Terminology

Description

Definitions for some of the terms used in the Alpha TransForm documentation.

Here are some of the terms used in the Alpha TransForm documentation:

Form Type

A Form Type is a set of properties that instruct apps how to collect and display data. Each Form Type has a unique ID, a name to display, and other overall properties. Most of the definition of a form consists of a single list of commands that tell apps what to display, how to receive input, and how to store the data received in a particular form instance.

In the paper world, a Form Type could be viewed as the word processing document that, when printed, creates blank forms, or a mail-merge template used to create filled-in forms.

Form or Form Instance

We use the term Form or a Form Instance to denote the set of data that, combined with the Form Type, makes up a single "blank", "partially filled out", or "filled out" form. The same Form Type can be combined with any number of Forms or Form Instances.

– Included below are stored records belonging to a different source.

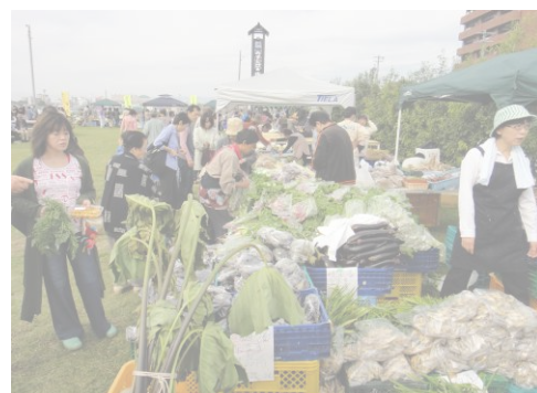
みずとびあ庄内朝市で賑わう様子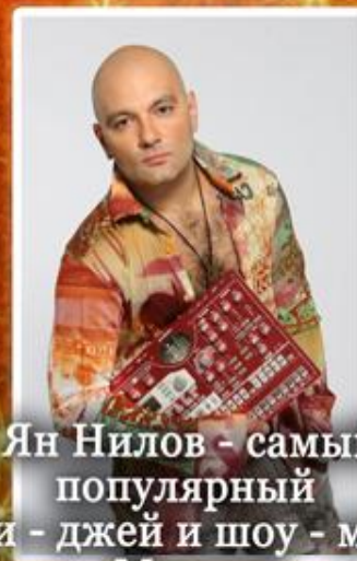
Ян Нилов - самый популярный ди-джей и шоу-мен Москвы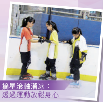
摘星滾軸溜冰： 透過運動放鬆身心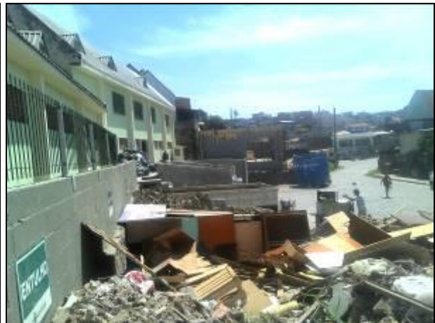
Figura 19: PEV Monte Cristo

In the paper world, a Form or Form Instance could be viewed as the text that you write on a blank form to "fill out the form". In the database world, a Form or Form Instance can be viewed as a database record, or series of related (parent-child) records.

Form JSON Data

Form data is stored in what is known as JSON data format. (JSON is pronounced "JAY-son" and sometimes called "JavaScript Object Notation.") This is a way of specifying data and its structure in a human-readable form using text. It is a common, "Open" standard way to represent a wide variety of simple and complex data structures.

The reasons for using this format that relate to forms include the widespread support for this data format and the flexibility it has to represent both simple "flat-file-style" fields of information, along with optional fields, as well as complex, one-to-many, parent-child relationships. For example, it can be used to represent an invoice and all of the line items.

Some of the power and flexibility of the Alpha TransForm system comes from its strong support of such data. For example, a Form could literally express a parent-child relationship in JSON as follows:

{
  "parent": "John Doe",
  "children": [
    {"name": "Jane",
     "age": "15"},
    {"name": "Tom",
     "age": "12"}
  ]
}

This flexibility is helpful for many types of forms with optional fields and varying number of sub-items, such as photos, or incident descriptions.

For many uses, the designer of a form type will not need to have much understanding of JSON. However, there are times when such knowledge is helpful and the Designer app lets the designer take advantage of such knowledge.

Data Groups

The Alpha TransForm system uses what it calls "Data Groups" to specify parent-child, one-to-many relationships. Technically, in JSON terminology, a Data Group is an attribute value that is an array of objects. The parent-child example above has one Data Group for the "children".

Data Groups have additional properties to indicate not only the attribute name, but also the text of the button that lets the user add additional items to the group (technically, adding additional array elements) and text for an optional button for deleting existing items.

Pages

A Form Type specifies a single, continuing list of commands to display. Conceptually, it is one long scrolling page. However, for display purposes, a form may be broken into "Pages" that are displayed separately, with only one page displayed at a time.

A page consists of a continuous subset of the list of commands. The page is represented in the Form Filler app as an entry that may be tapped to switch to displaying that page. In the Form Designer and other previews the pages are not displayed separately. The page is represented in the preview by the entry to be tapped as well as the contents of the page surrounded by a thin border.

Pages may be nested, so a page may optionally contain one or more sub-pages. When navigating into a page, a trail is displayed in the upper-left of the Form Filler screen.